Task brief: Nothing but the pictures should go missing; return all the entries below exactly.

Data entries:
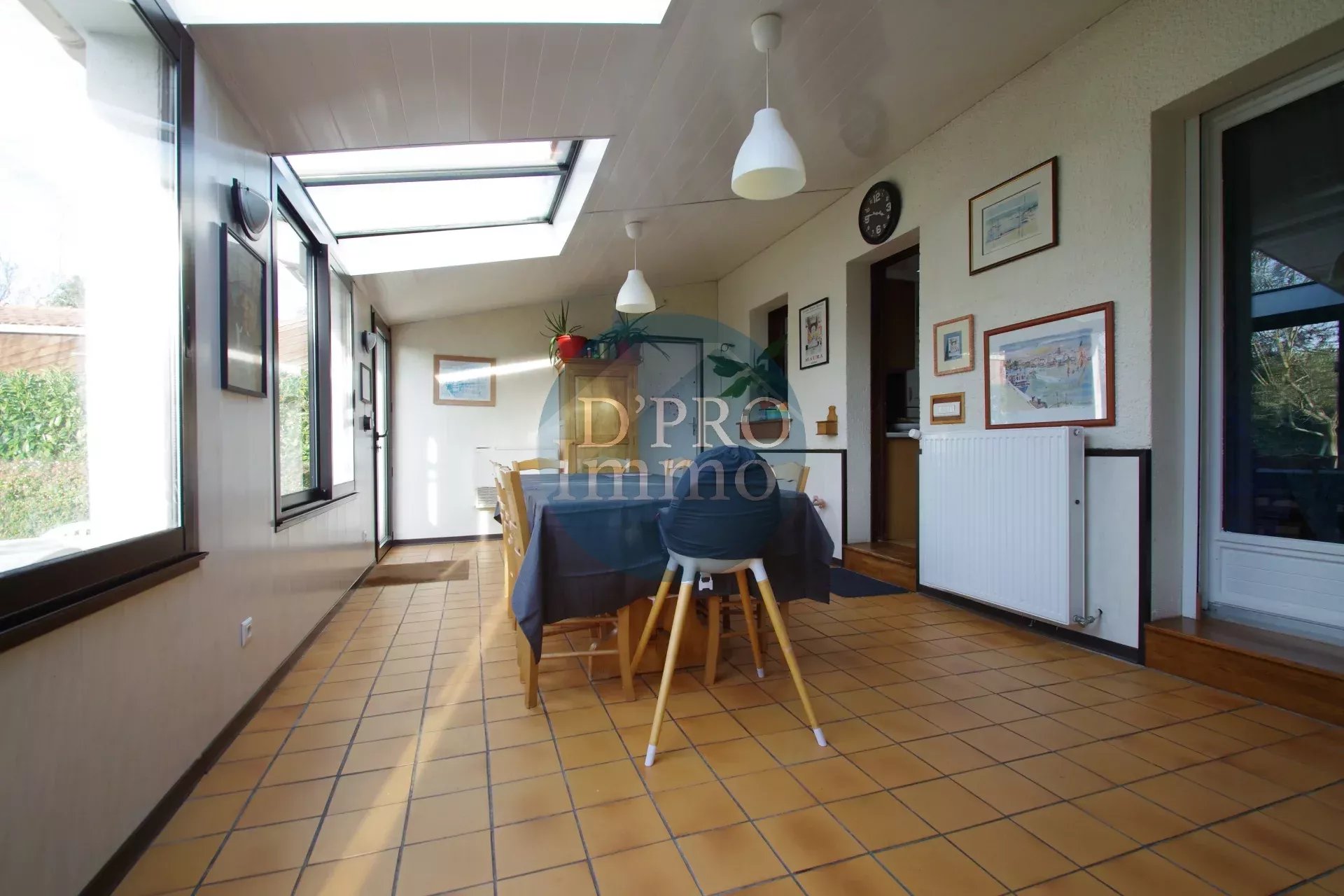 Elle se compose d'une entrée desservant un salon chaleureux avec cheminée insert, une cuisine aménagée et équipée indépendante, et une grande véranda lumineuse de 45 m², orientée plein ouest, idéale pour profiter des longues soirées d'été en famille ou entre amis.
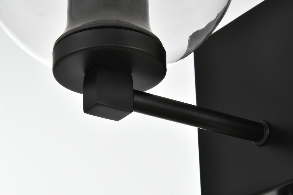 Defined by a sleek metal arm extends to suspend the clear spherical glass shade. A contemporary stunner, it shows off the straight line details from the backplate and the streamline thin metal arm. Compatible with dimmers, so you'll have the right amount of light in any given time of the day. Completely versatile, you can place this wall light as an uplight or downlight. Rated for use in damp locations, this will work perfectly over a vanity in your bathroom.
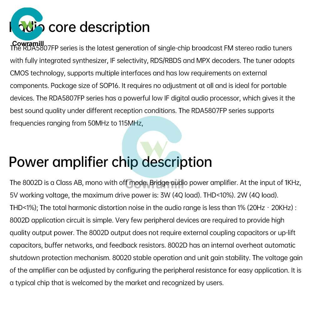 2、With radio module, with noise elimination, bass enhancement, high sensitivity, low noise, strong anti-interference ability and other advantages.
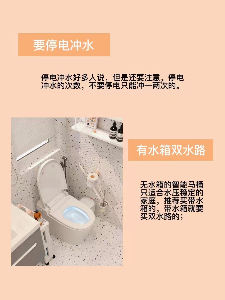 6⃣无水箱的智能马桶只适合水压稳定的家庭,推荐买带水箱的,带水箱就要买双水路的;
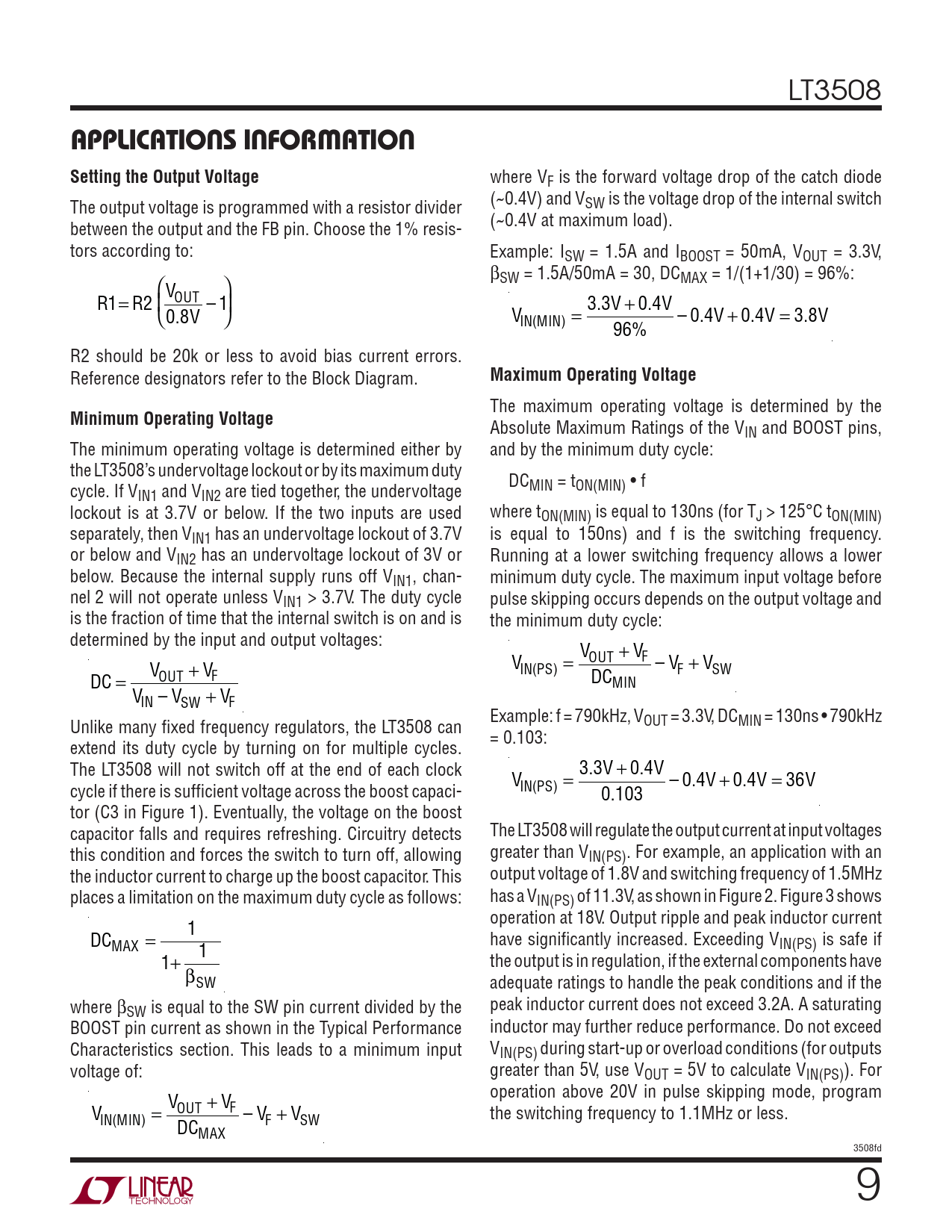 LT3508 APPLICATIONS INFORMATIONSetting the Output Voltage where VF is the forward voltage drop of the catch diode (~0.4V) and V The output voltage is programmed with a resistor divider SW is the voltage drop of the internal switch between the output and the FB pin. Choose the 1% resis- (~0.4V at maximum load). tors according to: Example: ISW = 1.5A and IBOOST = 50mA, VOUT = 3.3V, β ⎛ SW = 1.5A/50mA = 30, DCMAX = 1/(1+1/30) = 96%: V ⎞ R1= R2 OUT ⎜ – 1⎟ ⎝0.8V ⎠ V – 0.4V + 0.4V = 3.8V IN(MIN) = 3.3V + 0.4V 96% R2 should be 20k or less to avoid bias current errors. Reference designators refer to the Block Diagram. Maximum Operating Voltage The maximum operating voltage is determined by the Minimum Operating Voltage Absolute Maximum Ratings of the VIN and BOOST pins, The minimum operating voltage is determined either by and by the minimum duty cycle: the LT3508’s undervoltage lockout or by its maximum duty DC cycle. If V MIN = tON(MIN) • f IN1 and VIN2 are tied together, the undervoltage lockout is at 3.7V or below. If the two inputs are used where tON(MIN) is equal to 130ns (for TJ > 125°C tON(MIN) separately, then VIN1 has an undervoltage lockout of 3.7V is equal to 150ns) and f is the switching frequency. or below and VIN2 has an undervoltage lockout of 3V or Running at a lower switching frequency allows a lower below. Because the internal supply runs off VIN1 , chan- minimum duty cycle. The maximum input voltage before nel 2 will not operate unless VIN1 > 3.7V. The duty cycle pulse skipping occurs depends on the output voltage and is the fraction of time that the internal switch is on and is the minimum duty cycle: determined by the input and output voltages: + VF + V V = VOUT IN(PS) – VF + VSW DC = VOUT F DCMIN V + V IN – VSW F Example: f = 790kHz, V Unlike many fi xed frequency regulators, the LT3508 can OUT = 3.3V, DCMIN = 130ns • 790kHz = 0.103: extend its duty cycle by turning on for multiple cycles. The LT3508 will not switch off at the end of each clock V = 3.3V + 0.4V – 0.4V + 0.4V = 36V cycle if there is suffi cient voltage across the boost capaci- IN(PS) 0.103 tor (C3 in Figure 1). Eventually, the voltage on the boost capacitor falls and requires refreshing. Circuitry detects The LT3508 will regulate the output current at input voltages this condition and forces the switch to turn off, allowing greater than VIN(PS). For example, an application with an the inductor current to charge up the boost capacitor. This output voltage of 1.8V and switching frequency of 1.5MHz places a limitation on the maximum duty cycle as follows: has a VIN(PS) of 11.3V, as shown in Figure 2. Figure 3 shows operation at 18V. Output ripple and peak inductor current DCMAX = 1 have signifi cantly increased. Exceeding VIN(PS) is safe if 1+ 1 the output is in regulation, if the external components have β SW adequate ratings to handle the peak conditions and if the where βSW is equal to the SW pin current divided by the peak inductor current does not exceed 3.2A. A saturating BOOST pin current as shown in the Typical Performance inductor may further reduce performance. Do not exceed Characteristics section. This leads to a minimum input VIN(PS) during start-up or overload conditions (for outputs voltage of: greater than 5V, use VOUT = 5V to calculate VIN(PS)). For + operation above 20V in pulse skipping mode, program V V F IN(MIN) = VOUT – VF + VSW the switching frequency to 1.1MHz or less. DCMAX 3508fd 9 Document Outline FEATURES DESCRIPTION APPLICATIONS TYPICAL APPLICATION ABSOLUTE MAXIMUM RATINGS PIN CONFIGURATION ORDER INFORMATION ELECTRICAL CHARACTERISTICS TYPICAL PERFORMANCE CHARACTERISTICS PIN FUNCTIONS BLOCK DIAGRAM OPERATION APPLICATIONS INFORMATION TYPICAL APPLICATIONS PACKAGE DESCRIPTION REVISION HISTORY TYPICAL APPLICATION RELATED PARTS
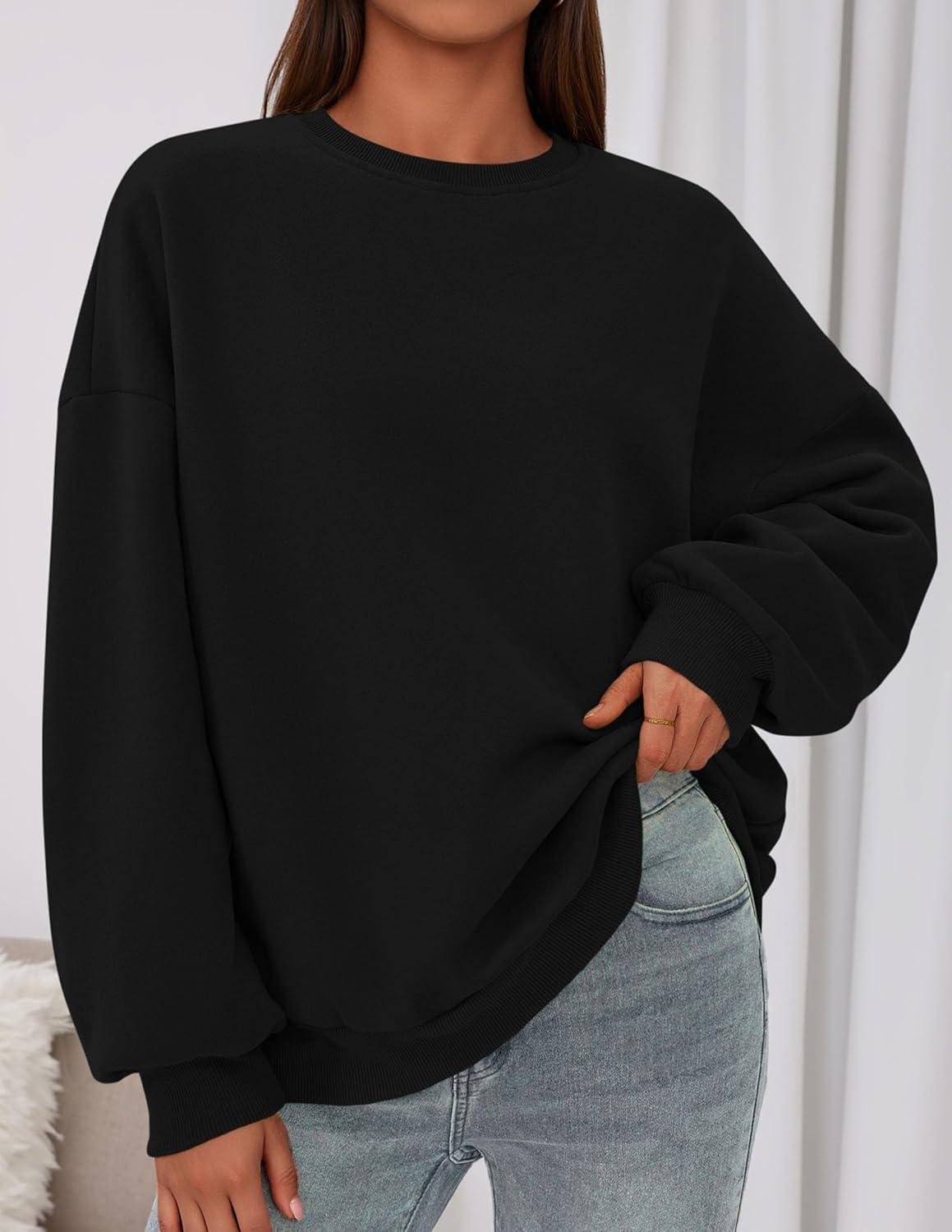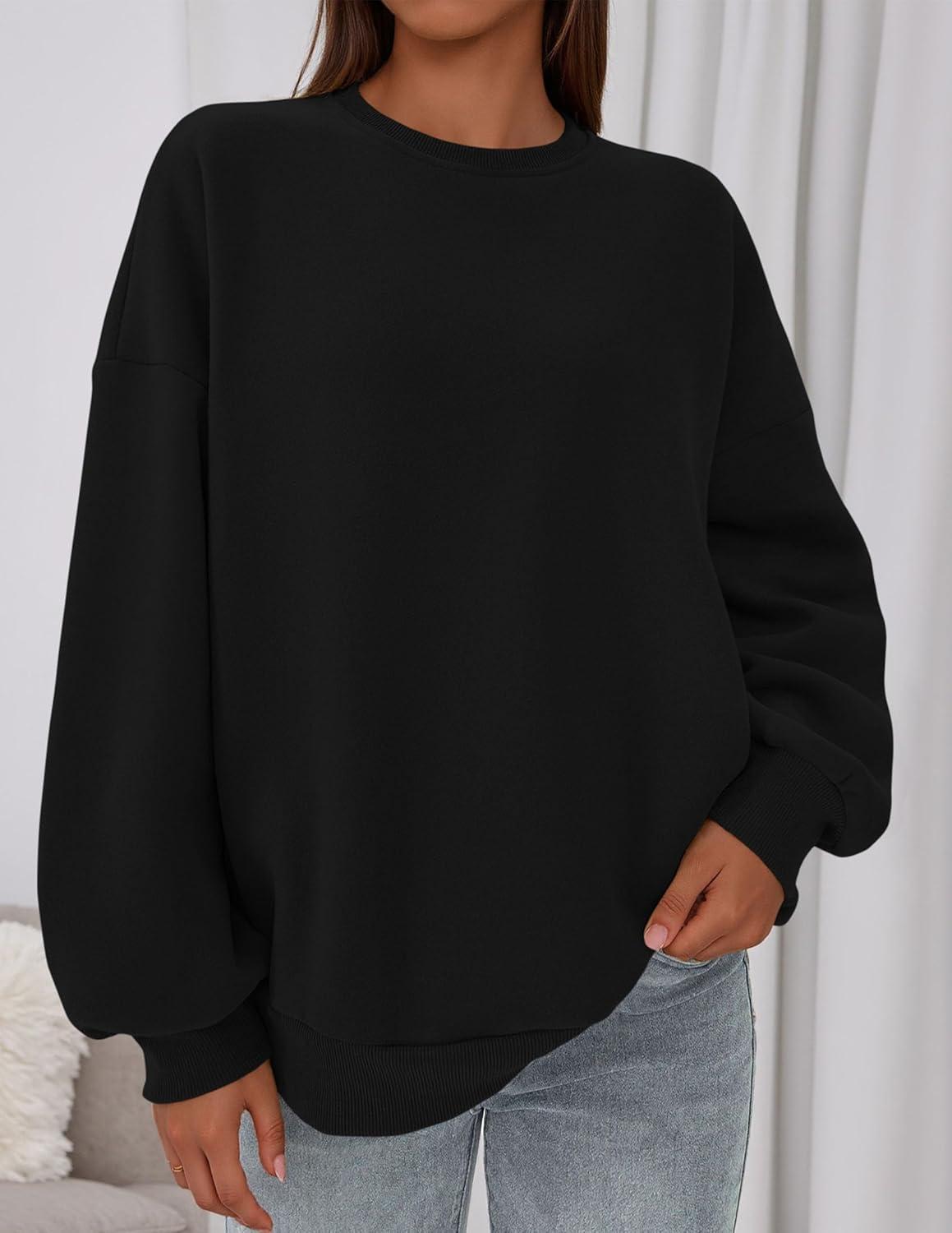 PRETTYGARDEN Sweatshirt for Women Oversized Crewneck Long Sleeve Pullover Fleece Top 2025 Fall Winter Fashion Outfits Clothes(Black)
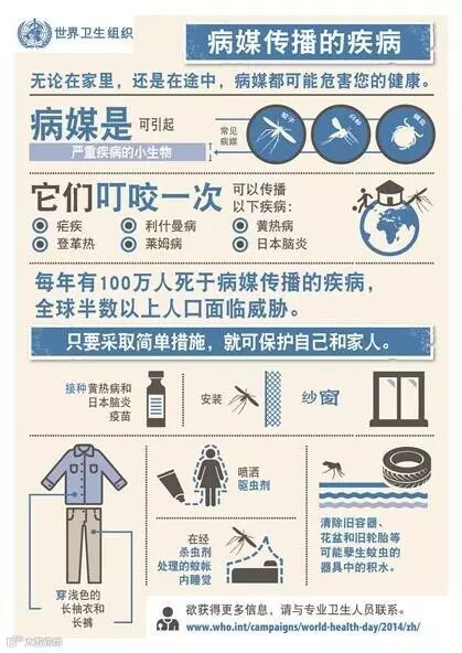 湿热环境蚊虫多多,保持环境卫生、在室内外喷洒杀虫剂、蚊帐(想想里约奥运中大火特火的“中国结界”)、穿上保护性的衣服等等都能有效预防。看文字不如看图直观,一起来看看WHO的宣传海报吧~~
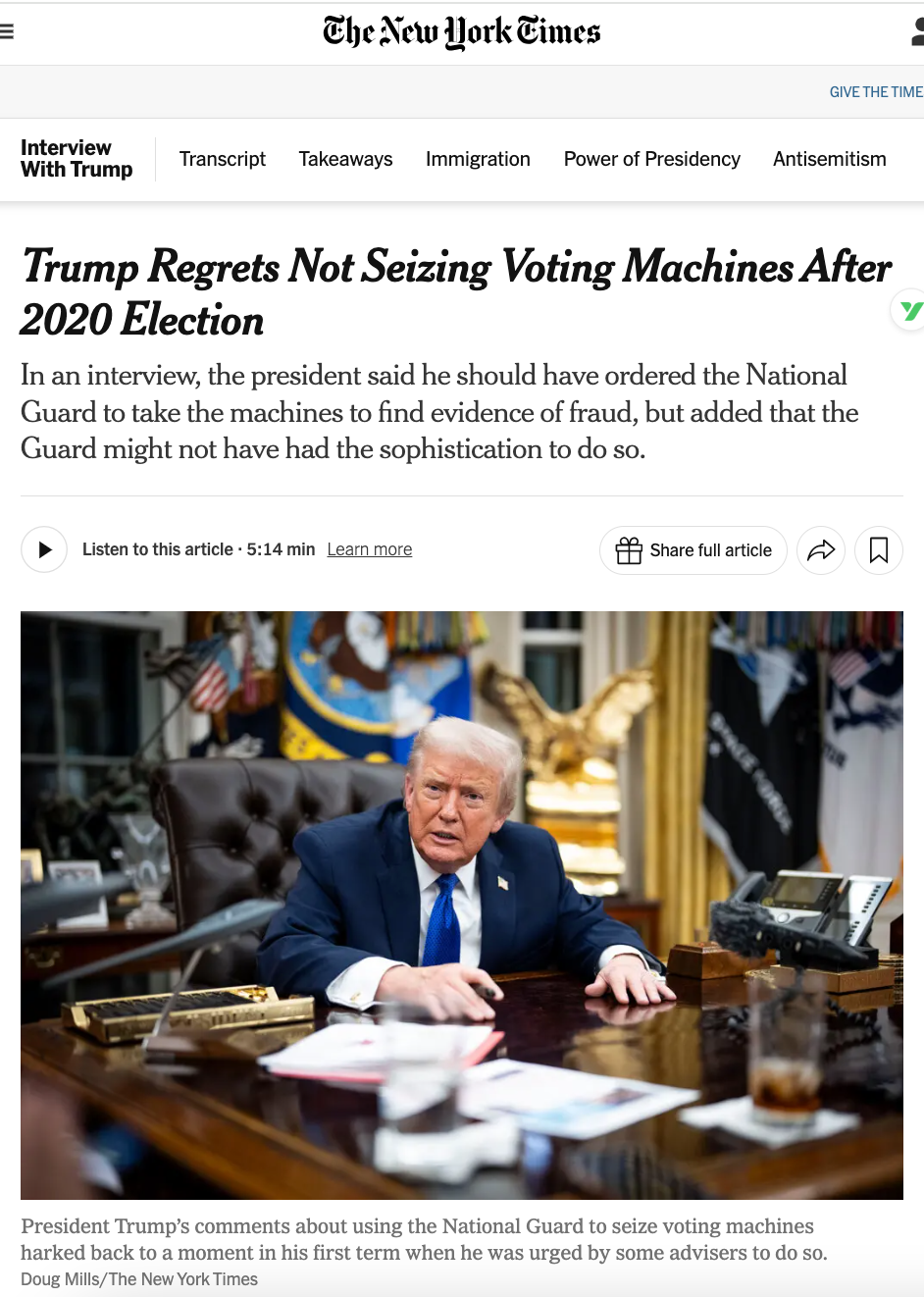今年1月他在接受《纽约时报》访谈时坦言,后悔未在2020年大选后派遣国民警卫队扣押投票设备(见上图报道)。
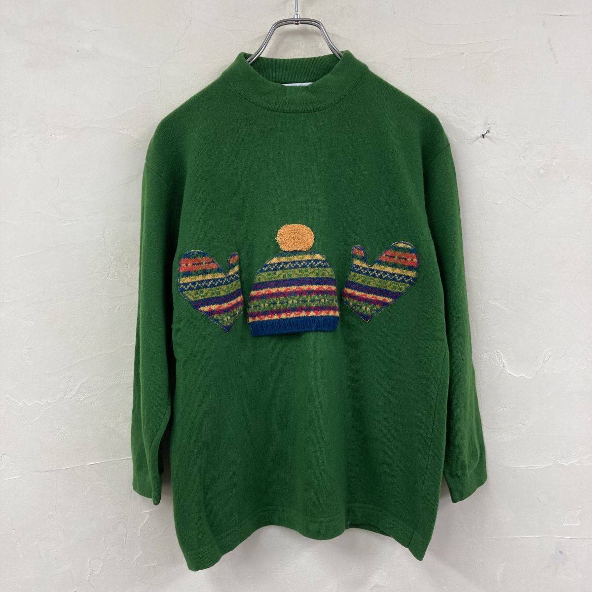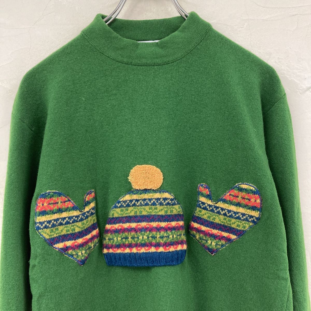 2O1568-W-N◆イタリア製◆UNITED COLORS OF BENETTON ベネトン ハイネック 長袖ニット カラーニット レトロ◆size:XS グリーン ウール

Answer:
 Elle se compose d'une entrée desservant un salon chaleureux avec cheminée insert, une cuisine aménagée et équipée indépendante, et une grande véranda lumineuse de 45 m², orientée plein ouest, idéale pour profiter des longues soirées d'été en famille ou entre amis.
 Defined by a sleek metal arm extends to suspend the clear spherical glass shade. A contemporary stunner, it shows off the straight line details from the backplate and the streamline thin metal arm. Compatible with dimmers, so you'll have the right amount of light in any given time of the day. Completely versatile, you can place this wall light as an uplight or downlight. Rated for use in damp locations, this will work perfectly over a vanity in your bathroom.
 2、With radio module, with noise elimination, bass enhancement, high sensitivity, low noise, strong anti-interference ability and other advantages.
 6⃣无水箱的智能马桶只适合水压稳定的家庭,推荐买带水箱的,带水箱就要买双水路的;
 LT3508 APPLICATIONS INFORMATIONSetting the Output Voltage where VF is the forward voltage drop of the catch diode (~0.4V) and V The output voltage is programmed with a resistor divider SW is the voltage drop of the internal switch between the output and the FB pin. Choose the 1% resis- (~0.4V at maximum load). tors according to: Example: ISW = 1.5A and IBOOST = 50mA, VOUT = 3.3V, β ⎛ SW = 1.5A/50mA = 30, DCMAX = 1/(1+1/30) = 96%: V ⎞ R1= R2 OUT ⎜ – 1⎟ ⎝0.8V ⎠ V – 0.4V + 0.4V = 3.8V IN(MIN) = 3.3V + 0.4V 96% R2 should be 20k or less to avoid bias current errors. Reference designators refer to the Block Diagram. Maximum Operating Voltage The maximum operating voltage is determined by the Minimum Operating Voltage Absolute Maximum Ratings of the VIN and BOOST pins, The minimum operating voltage is determined either by and by the minimum duty cycle: the LT3508’s undervoltage lockout or by its maximum duty DC cycle. If V MIN = tON(MIN) • f IN1 and VIN2 are tied together, the undervoltage lockout is at 3.7V or below. If the two inputs are used where tON(MIN) is equal to 130ns (for TJ > 125°C tON(MIN) separately, then VIN1 has an undervoltage lockout of 3.7V is equal to 150ns) and f is the switching frequency. or below and VIN2 has an undervoltage lockout of 3V or Running at a lower switching frequency allows a lower below. Because the internal supply runs off VIN1 , chan- minimum duty cycle. The maximum input voltage before nel 2 will not operate unless VIN1 > 3.7V. The duty cycle pulse skipping occurs depends on the output voltage and is the fraction of time that the internal switch is on and is the minimum duty cycle: determined by the input and output voltages: + VF + V V = VOUT IN(PS) – VF + VSW DC = VOUT F DCMIN V + V IN – VSW F Example: f = 790kHz, V Unlike many fi xed frequency regulators, the LT3508 can OUT = 3.3V, DCMIN = 130ns • 790kHz = 0.103: extend its duty cycle by turning on for multiple cycles. The LT3508 will not switch off at the end of each clock V = 3.3V + 0.4V – 0.4V + 0.4V = 36V cycle if there is suffi cient voltage across the boost capaci- IN(PS) 0.103 tor (C3 in Figure 1). Eventually, the voltage on the boost capacitor falls and requires refreshing. Circuitry detects The LT3508 will regulate the output current at input voltages this condition and forces the switch to turn off, allowing greater than VIN(PS). For example, an application with an the inductor current to charge up the boost capacitor. This output voltage of 1.8V and switching frequency of 1.5MHz places a limitation on the maximum duty cycle as follows: has a VIN(PS) of 11.3V, as shown in Figure 2. Figure 3 shows operation at 18V. Output ripple and peak inductor current DCMAX = 1 have signifi cantly increased. Exceeding VIN(PS) is safe if 1+ 1 the output is in regulation, if the external components have β SW adequate ratings to handle the peak conditions and if the where βSW is equal to the SW pin current divided by the peak inductor current does not exceed 3.2A. A saturating BOOST pin current as shown in the Typical Performance inductor may further reduce performance. Do not exceed Characteristics section. This leads to a minimum input VIN(PS) during start-up or overload conditions (for outputs voltage of: greater than 5V, use VOUT = 5V to calculate VIN(PS)). For + operation above 20V in pulse skipping mode, program V V F IN(MIN) = VOUT – VF + VSW the switching frequency to 1.1MHz or less. DCMAX 3508fd 9 Document Outline FEATURES DESCRIPTION APPLICATIONS TYPICAL APPLICATION ABSOLUTE MAXIMUM RATINGS PIN CONFIGURATION ORDER INFORMATION ELECTRICAL CHARACTERISTICS TYPICAL PERFORMANCE CHARACTERISTICS PIN FUNCTIONS BLOCK DIAGRAM OPERATION APPLICATIONS INFORMATION TYPICAL APPLICATIONS PACKAGE DESCRIPTION REVISION HISTORY TYPICAL APPLICATION RELATED PARTS
 PRETTYGARDEN Sweatshirt for Women Oversized Crewneck Long Sleeve Pullover Fleece Top 2025 Fall Winter Fashion Outfits Clothes(Black)
 湿热环境蚊虫多多,保持环境卫生、在室内外喷洒杀虫剂、蚊帐(想想里约奥运中大火特火的“中国结界”)、穿上保护性的衣服等等都能有效预防。看文字不如看图直观,一起来看看WHO的宣传海报吧~~
今年1月他在接受《纽约时报》访谈时坦言,后悔未在2020年大选后派遣国民警卫队扣押投票设备(见上图报道)。
 2O1568-W-N◆イタリア製◆UNITED COLORS OF BENETTON ベネトン ハイネック 長袖ニット カラーニット レトロ◆size:XS グリーン ウール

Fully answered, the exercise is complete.